Each of these proposed algorithms has its own characteristic advantages and disadvantages. However, they all have two common problems, which are the communication load and the computational reduction. It is not unusual to find numerous algorithms to complete a given DFT task. Accordingly, finding the best algorithm is a crucial engineering problem for the real time signals' analysis.
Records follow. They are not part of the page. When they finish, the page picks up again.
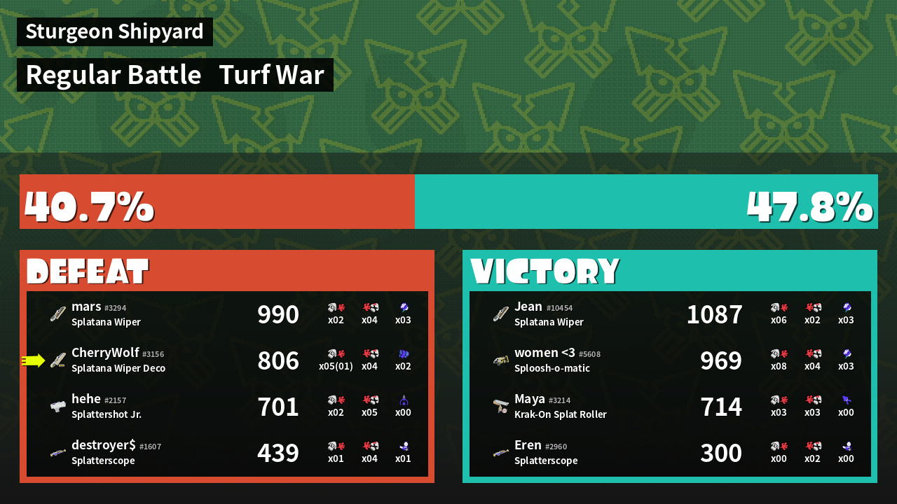 | Medals | #1 Overall Splatter #1 Popular Target #1 Enemy Splatter | ||
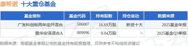 重仓康希诺的公募基金请见下表:
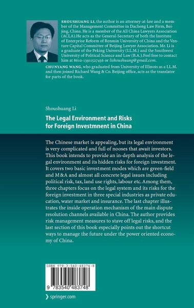 The Chinese market is appealing, but its legal environment is very complicated and full of nooses that await investors. This book intends to provide an in-depth analysis of the legal environment and its hidden risks for foreign investment. It covers two basic investment modes which are green-field and M and A, and almost all concrete legal issues including political risk, tax, land use rights, labor etc. Among them, three chapters focus on the legal system and its risks for the foreign investment in three special industries as private education, water market and insurance. The detailed analysis is based on the newest laws and regulations.

It has been shown that the butterfly computation relies on three major parameters: input data, output data and a twiddle factor. In order to control the data flow, numerous architectures for the dedicated FFT processor implementation have been proposed and developed. Some of the more common architectures are described briefly herein. The description is limited to architectures for implementation of the fixed and mixed radix common factor FFT algorithms.
Array Architecture
The array architecture is an isomorphic mapping of the FFT signal flow graph (SFG) with one dedicated processing element for each butterfly in the SFG. This architecture requires (N/r)×logrN processing elements and the area requirements increase quickly with N. Thus, most implementations are limited to N=8 or 16. FIGS. 5 and 6 show examples of the array architecture.
A problem with this architecture, in addition to the high area requirement, is that the input data are sequential and the output data are generated in parallel, leading to a low utilization of the processing elements (PEs). This problem can be overcome by supplying the inputs with N parallel data frames at the same time, skewed one clock cycle with respect to each other. This increases the utilization of the PEs to 100%.
Column Architecture
FIG. 7 is an example of the column architecture. In the column architecture, all the stages in the FFT SFG are collapsed into one column of N/r PEs. Assuming that a PE performs a butterfly operation in one clock cycle, the column of PEs computes one stage of the FFT at each one clock cycle and the entire FFT is computed in logrN clock cycles. To simplify the switch network, a constant geometry version of the algorithm has been used in the architecture of FIG. 7. The data shuffling between the stages are identical compared to FIG. 9.
The significant advantage of such an implementation is that the number of PEs is substantially reduced as compared to the array architecture. It has been argued that the area requirement is still high for large N with an increasing complexity in the switching network structure, which is true if implemented on lower radices FFT architecture.